- PROVIDED INFORMATION -
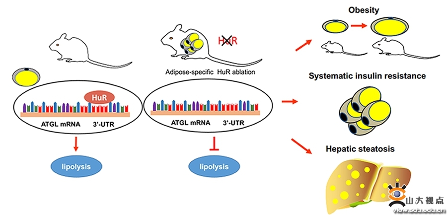 其中,关于肥胖发病机制的有关研究成果在英国《自然通讯》发表。根据近年世界卫生组织的统计,全球成年人逾19亿人超重,逾6.5亿人肥胖。肥胖是动脉粥样硬化性心血管疾病、2型糖尿病、非酒精性脂肪肝等常见疾病的重要危险因素,但肥胖发生和发展的分子机制和干预靶点不明。脂肪生成和分解过程是调节甘油三酯-脂肪酸循环稳态和决定脂肪组织体积的关键因素。在脂解过程中,甘油三酯被水解而释放脂肪酸和甘油进入血液,其中甘油三酯脂酶(ATGL)是催化此过程的关键限速酶,促进ATGL表达或提高其活性有助于防治肥胖。RNA结合蛋白HuR可与靶基因mRNA的3’非翻译区上的富含腺苷酸/尿苷酸的元件结合进而增加mRNA的稳定性,最终使蛋白生成水平增加。已知HuR参与多个基因表达的转录后调控,影响炎症等多个病理过程。心血管实验室张文程教授的前期研究发现,HuR在内皮细胞中调节一氧化氮的生成,论文发表在美国《循环》杂志,但HuR在脂肪细胞中的功能和作用尚无报道。张文程教授和张澄教授领导的课题组首次成功制备了脂肪组织特异性敲除HuR小鼠,发现高脂喂养状态下的HuR敲除小鼠的脂解过程明显受损,甘油三酯在脂肪和肝脏组织中大量累积,表现为更加严重的肥胖、胰岛素抵抗和脂代谢异常。进一步研究发现,脂解过程关键限速酶ATGL是HuR的靶基因,HuR可与ATGL mRNA直接结合,提高ATGL mRNA的稳定性,促进ATGL表达和脂解过程。临床研究证实,肥胖人群皮下脂肪组织中HuR的表达水平显著低于正常体重人群,且与个体的身体质量指数呈负相关关系。本研究进一步阐明了肥胖的发病机制,提示脂肪组织HuR基因可对抗由高脂饮食引起的肥胖和胰岛素抵抗,有望成为治疗肥胖及其相关疾病的新靶点。该研究已发表于英国《自然通讯》杂志,5年影响因子13.092,心内科博士生李静媛为第一作者,张文程教授、张澄教授为共同通讯作者,山东大学齐鲁医院为第一和通讯作者单位。
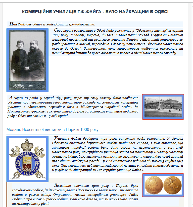 Ця нагорода стала свідченням того, що Одеське комерційне училище Г.Ф. Файга входило до числа найкращих навчальних закладів свого часу.
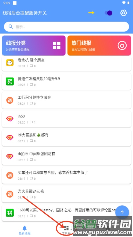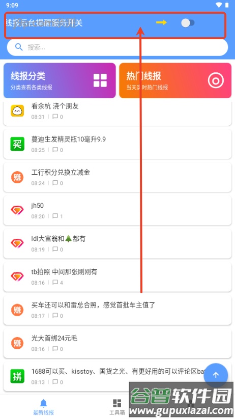 2、打开软件,在首页右上角找到线报后台提醒的服务开关;
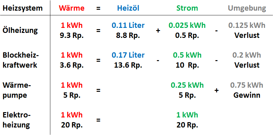 Mit Heizöl oder Erdgas kann man heizen und Strom machen. Mit Strom kann man auch heizen, über eine Wärmepumpe gibt es aber ein Mehrfaches an Wärme.
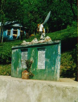 <ダージリンの茶園の中に建てられた、GNLF運動で落命した活動家の顕彰碑>
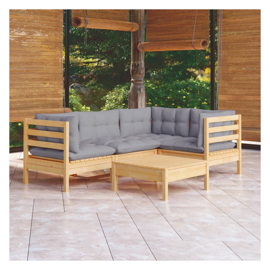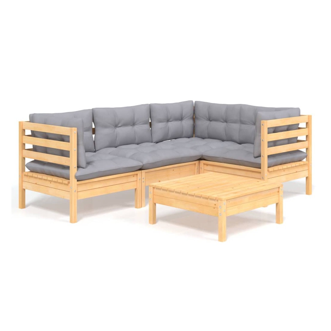 Salon de jardin 5 pcs avec coussins gris bois de pin

- EXERCISE DESCRIPTION -
Find the line that contains "2、打开软件,在首页右上角找到线报后台提醒的服务开关;", then write out that line and each one after it, exactly and with nothing else, through the end of the entries above, without the pictures.

- EXERCISE OUTPUT -
 2、打开软件,在首页右上角找到线报后台提醒的服务开关;
 Mit Heizöl oder Erdgas kann man heizen und Strom machen. Mit Strom kann man auch heizen, über eine Wärmepumpe gibt es aber ein Mehrfaches an Wärme.
 <ダージリンの茶園の中に建てられた、GNLF運動で落命した活動家の顕彰碑>
 Salon de jardin 5 pcs avec coussins gris bois de pin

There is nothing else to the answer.